The next step was learning how to customize the behavior of my thread pool, which led to this change to the application:



   1: public class MyActor extends UntypedActor {



   2:  



   3:     public MyActor(MessageDispatcher dispatcher) {



   4:         getContext().setDispatcher(dispatcher);



   5:  



   6:     }



   7:     public void onReceive(Object message) {



   8:         Integer numMessage = (Integer) message;



   9:         System.out.println(Thread.currentThread().getName() + "\tincoming message " + numMessage);



  10:         for (int i=0;i<1000000000;i++) {           



  11:         }



  12:         System.out.println(Thread.currentThread().getName() + "\tFinished Message " + numMessage);



  13:         System.out.println(Thread.currentThread().getName() + "\tStopping on thread ");



  14:         getContext().stop();



  15:     }



  16:  



  17:     public static void main(String[] args) throws InterruptedException {



  18:        final MessageDispatcher d = Dispatchers.newExecutorBasedEventDrivenDispatcher("dispatcher").withNewThreadPoolWithLinkedBlockingQueueWithCapacity(50)



  19:       .setCorePoolSize(5)



  20:       .setMaxPoolSize(6)



  21:       .setKeepAliveTimeInMillis(60000)

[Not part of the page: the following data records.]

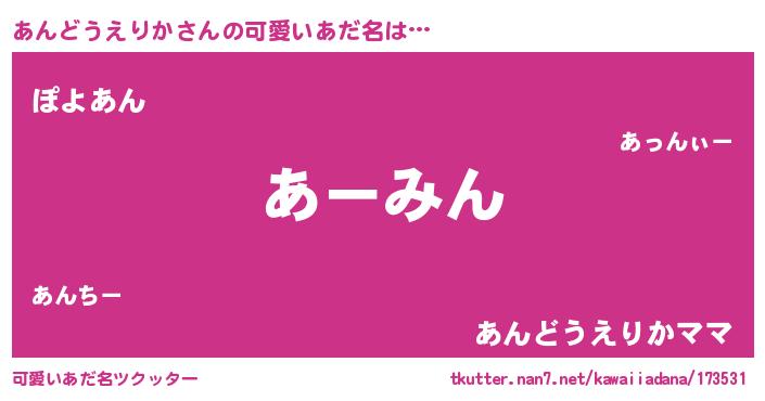 | ヘコむあだ名 | 『あんどうえりか(遠い目)』『あん太郎』 |
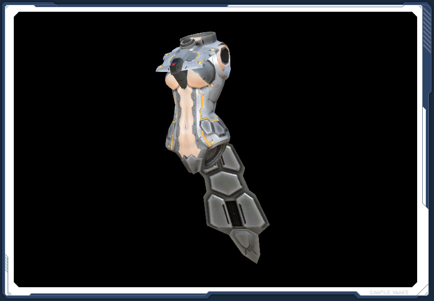 女性キャスト向けの基礎的パーツ。装甲と生体部分のバランスが絶妙で妖艶な雰囲気をまとっている。
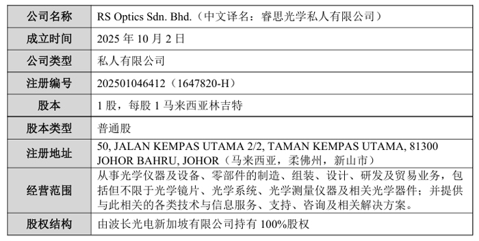 根據(jù)公司規(guī)劃,睿思光學(xué)將成為公司未來(lái)在馬來(lái)西亞投資新建精密光學(xué)產(chǎn)線的實(shí)施主體。睿思光學(xué)基本信息登記如下:
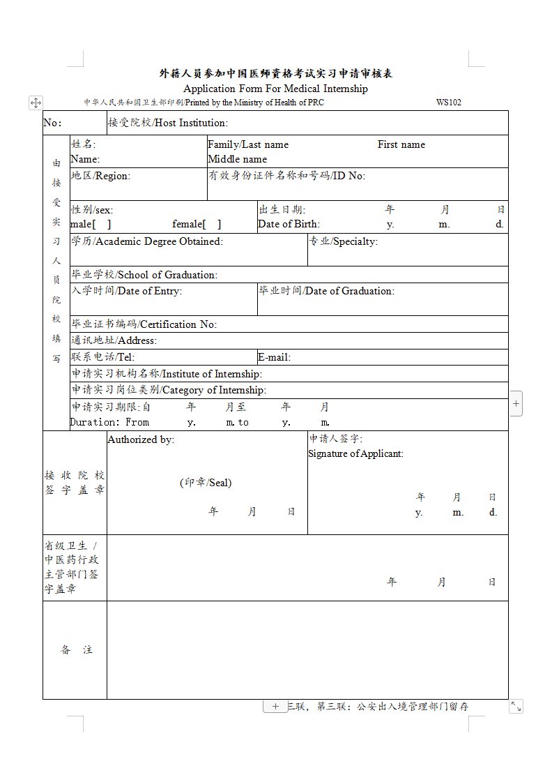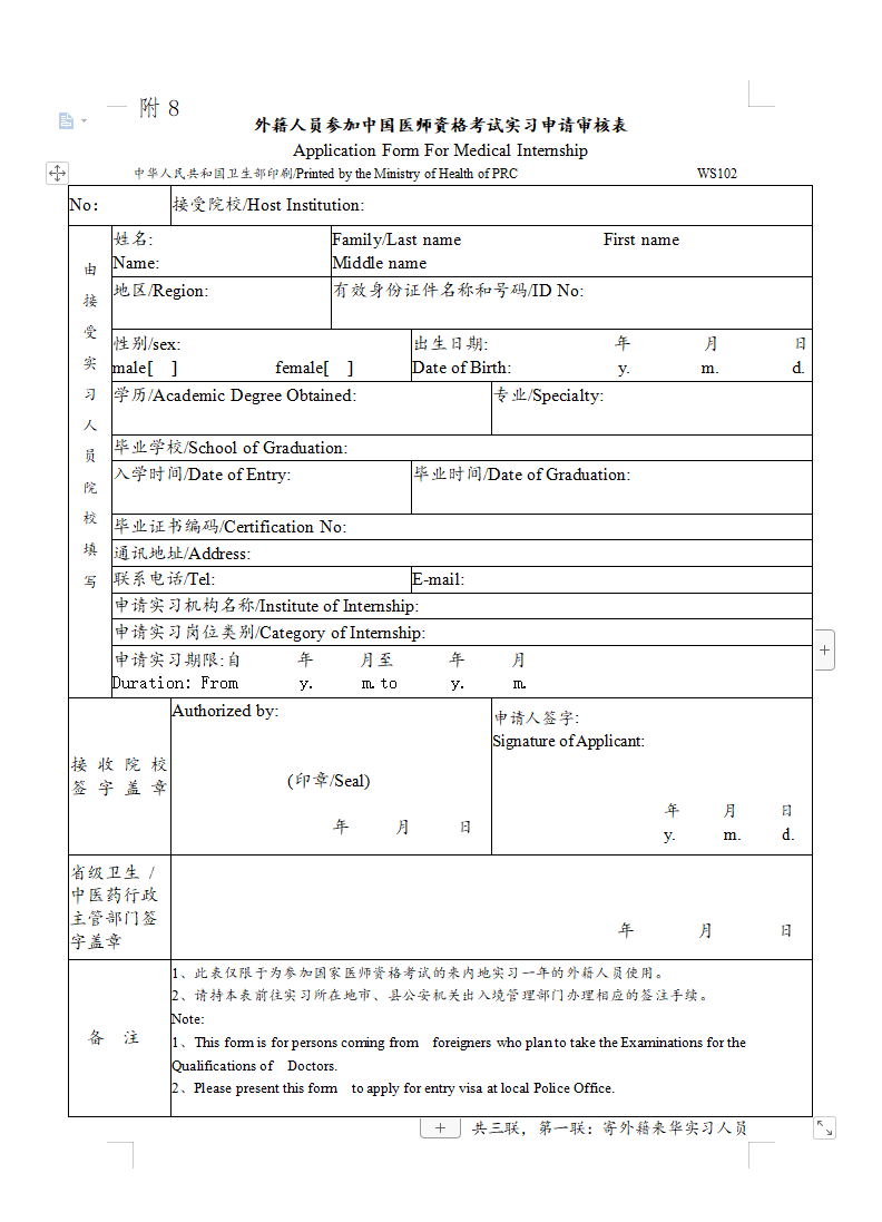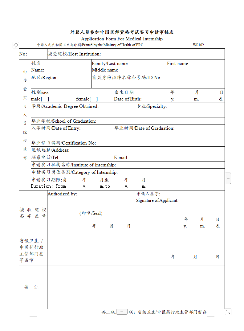 - · 報名審核材料下載:?《 外籍人員參加中國醫(yī)師資格考試實習申請審核表》

  22:       .setRejectionPolicy(new ThreadPoolExecutor.CallerRunsPolicy())



  23:       .build();



  24:  



  25:         for (int i=0;i<50;i++) {



  26:             ActorRef actor = Actors.actorOf(new UntypedActorFactory() {



  27:                 public UntypedActor create() {



  28:                     return new MyActor(d);



  29:             }



  30:             });



  31:             actor.start().sendOneWay(i);



  32:         }



  33:  



  34:        Thread.sleep(50000);



  35:     }



  36: }



As you see, on line 18 we create the ThreadPool, in Akka terminology called a MessageDispatcher. There are a few different kinds as mentioned here. But this change means that we now need a constructor to receive this dispatcher for use. (Don’t worry Spring integration is not a problem to use DI for the actors).

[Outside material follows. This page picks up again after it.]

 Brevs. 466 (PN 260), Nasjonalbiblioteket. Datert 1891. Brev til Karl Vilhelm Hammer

And voila, we see in the printouts that indeed this is running in multiple threads. Of course, for the need of one way with no reply, there really is no need to use Akka since the code is pretty straightforward using plain old Spring + Java as follows, where we define our ThreadPool bean in the application context:



   1: <bean id="taskExecutor" class="org.springframework.scheduling.concurrent.ThreadPoolTaskExecutor" destroy-method="destroy">



   2:         <property name="corePoolSize" value="5" />



   3:         <property name="maxPoolSize" value="10" />



   4:         <property name="queueCapacity" value="25" />



   5: </bean>


Once we have this, use of the code to do the same things just involves: taskExecutor.execute(bean). So, in this specific instance, the overhead of adding the scala and akka jars would not be justified, but clearly for more significant multithreaded needs, this could be a powerful tool to simplify code and make it very readable.